His eyes slid shut. “No,” he said. “Oh, look, we knew there would be other sentient life somewhere. We’ve always known that. The universe is just too big. It happened twice that we knew about, so we understood that it necessarily existed elsewhere. Once you had that much, once you knew it wasn’t the result of some virtually impossible combination of events, then there had to be others. Had to be.
The real question was whether they were scattered so far in time and space that we would never encounter another in the lifetime of the species.”
There were lights moving at sea.
“An intersection seemed so unlikely that we never seriously considered it. I mean, we had a policy in place, guidelines on what to do if anyone actually saw another ship out there. But we never believed it would happen. And we certainly assumed that if it did, the aliens would not be hostile. Cautious, perhaps, but not hostile.”

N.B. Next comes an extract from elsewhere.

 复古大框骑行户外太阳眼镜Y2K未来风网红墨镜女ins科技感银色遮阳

“Why not? The Mutes are hostile.”
“They’re hostile because there was a series of incidents at the beginning, when we first discovered each other, that created conflict. It was mishandled on our end, and to a degree, on theirs. I don’t know. Maybe it wasn’t anybody’s fault. People were surprised by an unprecedented situation and they reacted badly. Some of it’s in the genes. We can’t stand to be near them. Have you ever been close enough to a Mute to feel the effect?”

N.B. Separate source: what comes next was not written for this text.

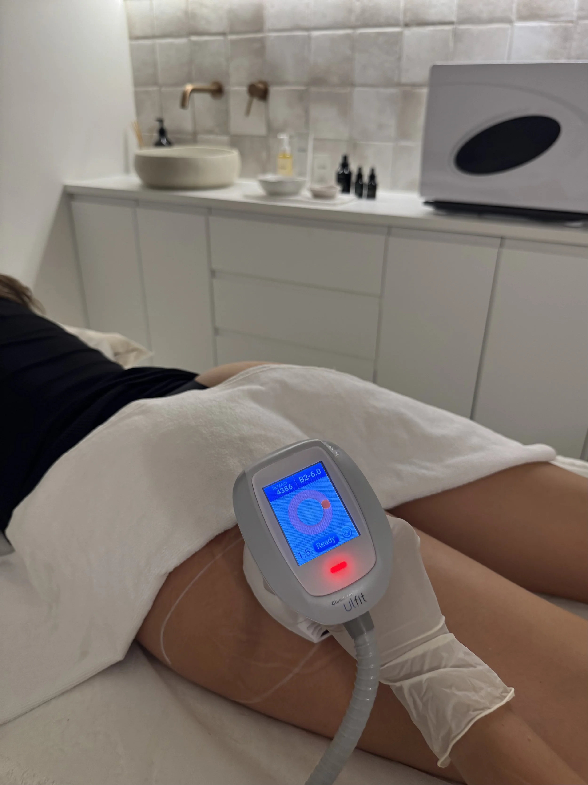 Ulfit Body Contouring is a non-invasive HIFU treatment designed to contour the body by reducing fat and tightening the skin. The treatment combines fat reduction with skin tightening technology to target and eliminate fat cells, while improving skin texture and tone. The process also stimulates natural collagen production, which enhances skin elasticity and continues to improve over time.

He wasn’t simply talking about their mind-reading abilities, but the fact that they touched something revolting deep in the bone. It was hard to say why; they were humanoid. But people reacted to them the way they did to large spiders, or snakes.
Add to that the knowledge that, in their presence, your brain lay open to the sunlight.
That you had to struggle not to think of anything that would embarrass you. That the creature knew more about you than you did because all the walls were down, all the rationalizations and pretensions set aside. They knew, for example, precisely how we reacted to them. It made diplomacy difficult.